» Problem:
Quote exactly the lines from the one with "Wang Chuqin (R)" to the end of the data, both included; omit the pictures.

» Data segment:
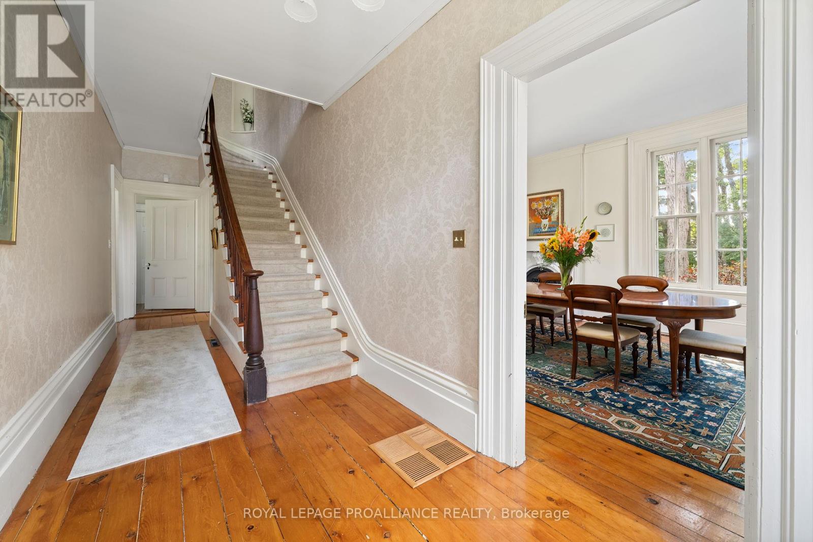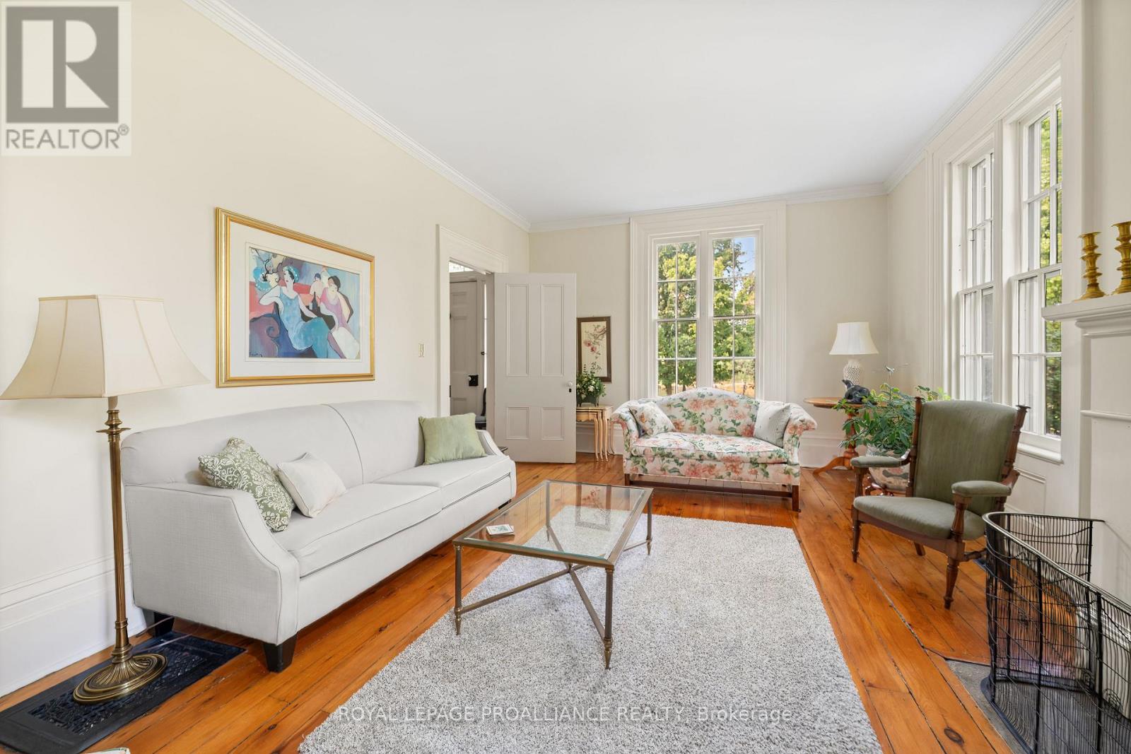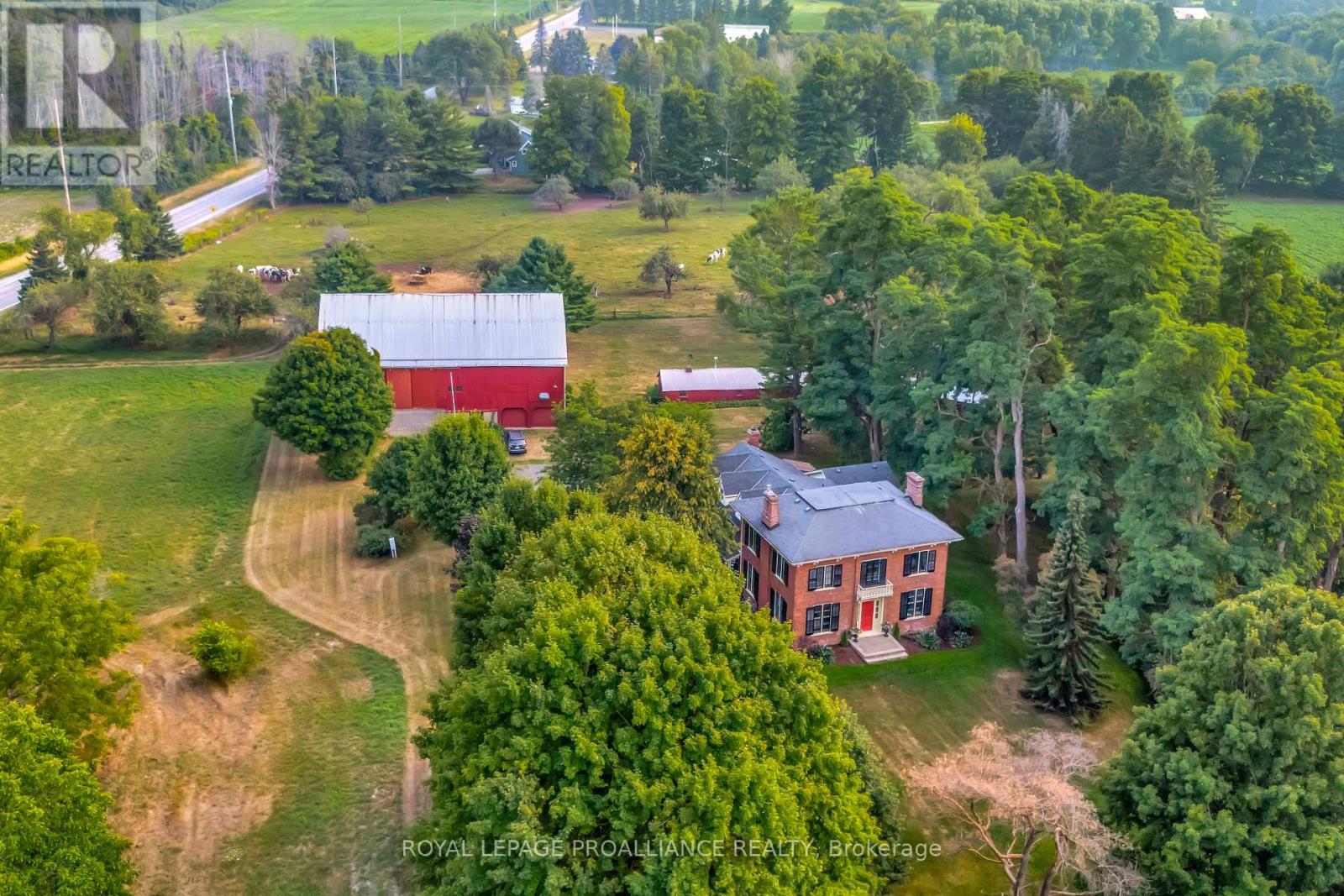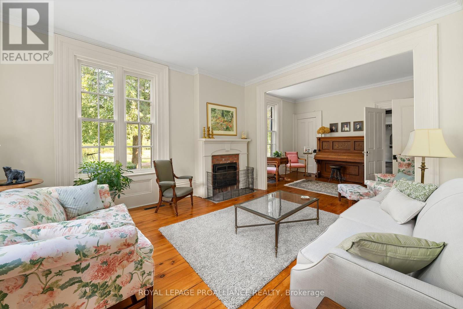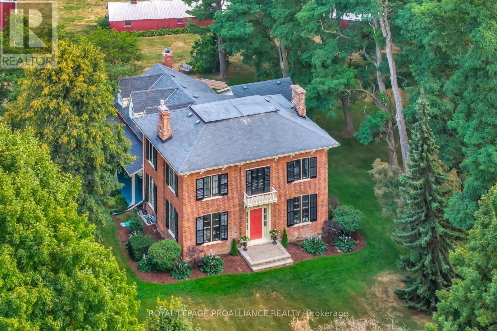 Welcome to this beloved county gem, a century old red brick home located just on the edge of Bloomfield, elegantly set back from Loyalist Parkway in a grove of conifers. This home is historically significant, as seen in The Settlers Dream as the Simpson Mallory house, with similarities to its neighbours The West Lake Boarding School and Fair Lea but with the added benefit of 29+ acres including prime agriculture land under cultivation. The classical symmetry is compared with grand homes like Macaulay House and the Striker Walmsley House in Picton. When Benjamin Simpson, a wagon maker came to this town in 1837 it is likely that the present kitchen tail of the house was a wooden frame farmhouse facing Mallory Crossroad. This outstanding home showcases fascinating architectural features and enduring touches that reflect its Quaker influence. Bloomfield was established in1799 and remains a village with many historical homes and charming shops on Main Street. The house boasts 5 bedrooms and 4 bathrooms, an elegant living room and dining room, perfect for entertaining and family gatherings. The kitchen has been renovated to reflect the character of the home. This property has a fabulous old barn, a workshop and a woodshed, and a lane way access to the Millennium Trail to complete the perfect picture. Only six minutes from Picton home to the Prince Edward County Memorial Hospital, The Regent Theatre, The Royal Hotel, The Waring House, many unique shops, as well as numerous fine dining restaurants, and the PEC Yacht Club. The County is one of the premier destinations for those seeking unforgettable experiences whether its exploring nature, enjoying watersports, savouring food and wine, or relaxing at the beaches. There truly is something for everyone! (id:51158)
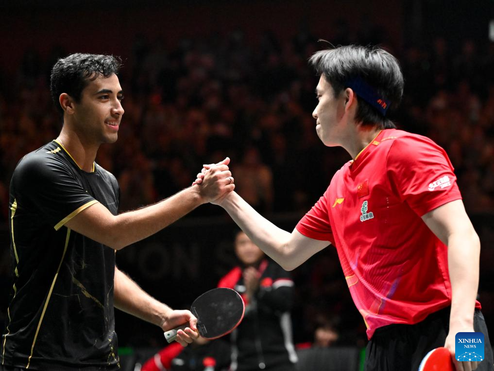 Wang Chuqin (R) of China shakes hands with Youssef Abdelaziz of Egypt after their men's singles match during the stage 1 group match between China and Egypt at the ITTF Mixed Team World Cup 2025 in Chengdu, southwest China's Sichuan Province, Dec. 1, 2025. (Xinhua/Xu Bingjie)
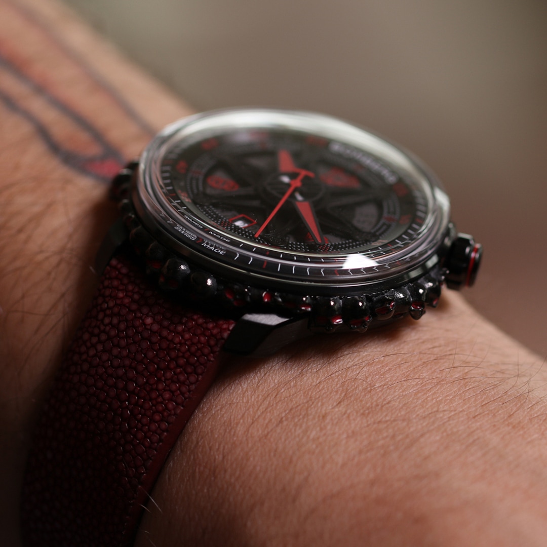 Für Biker, Rock- und Metallfans gibt es nun die limitierte Edition „CATACOMB“, inspiriert von den unterirdischen Gängen der Katakomben, eine Uhr, die einen Look als cooles Lifestyle-Accessoire perfekt abrundet, und Gothic-Esprit und Metaphern zu Leben und Tod verbindet. Das Negative unten, das Positive oben, der Tod unterirdisch, das Leben oberirdisch, der begrabene Held lebt im Schoß der Erde; ein langsames, schläfriges, aber ewiges Leben. Das Labyrinth der Katakomben wird zum Labyrinth des Unbewussten, zum Schauplatz des Traumes. Es gibt kein schnelles Labyrinth, man verstrickt sich in Verzweigungen, Sackgassen und letzten Winkeln. Und von diesem gesamten Universum, das häufig Tattoos inspiriert, ist hier das Design des Zifferblatts inspiriert. Ein fliessender Übergang zwischen Genres, Strasse und High-Fashion, Gegenkultur und Mainstream, Individuum und Gemeinschaft ... die Uhr ist einzigartig und unverkennbar mit ihrem rauchfarbenem Zifferblatt, dem boxförmigen Saphirglas und aneinandergereihten Totenköpfen mit leuchtenden, lachenden, neugierigen oder schaurigen Augen. Die Farbe ihrer Blicke verweist an die Indizes der Uhr.

» Written response:
 Wang Chuqin (R) of China shakes hands with Youssef Abdelaziz of Egypt after their men's singles match during the stage 1 group match between China and Egypt at the ITTF Mixed Team World Cup 2025 in Chengdu, southwest China's Sichuan Province, Dec. 1, 2025. (Xinhua/Xu Bingjie)
 Für Biker, Rock- und Metallfans gibt es nun die limitierte Edition „CATACOMB“, inspiriert von den unterirdischen Gängen der Katakomben, eine Uhr, die einen Look als cooles Lifestyle-Accessoire perfekt abrundet, und Gothic-Esprit und Metaphern zu Leben und Tod verbindet. Das Negative unten, das Positive oben, der Tod unterirdisch, das Leben oberirdisch, der begrabene Held lebt im Schoß der Erde; ein langsames, schläfriges, aber ewiges Leben. Das Labyrinth der Katakomben wird zum Labyrinth des Unbewussten, zum Schauplatz des Traumes. Es gibt kein schnelles Labyrinth, man verstrickt sich in Verzweigungen, Sackgassen und letzten Winkeln. Und von diesem gesamten Universum, das häufig Tattoos inspiriert, ist hier das Design des Zifferblatts inspiriert. Ein fliessender Übergang zwischen Genres, Strasse und High-Fashion, Gegenkultur und Mainstream, Individuum und Gemeinschaft ... die Uhr ist einzigartig und unverkennbar mit ihrem rauchfarbenem Zifferblatt, dem boxförmigen Saphirglas und aneinandergereihten Totenköpfen mit leuchtenden, lachenden, neugierigen oder schaurigen Augen. Die Farbe ihrer Blicke verweist an die Indizes der Uhr.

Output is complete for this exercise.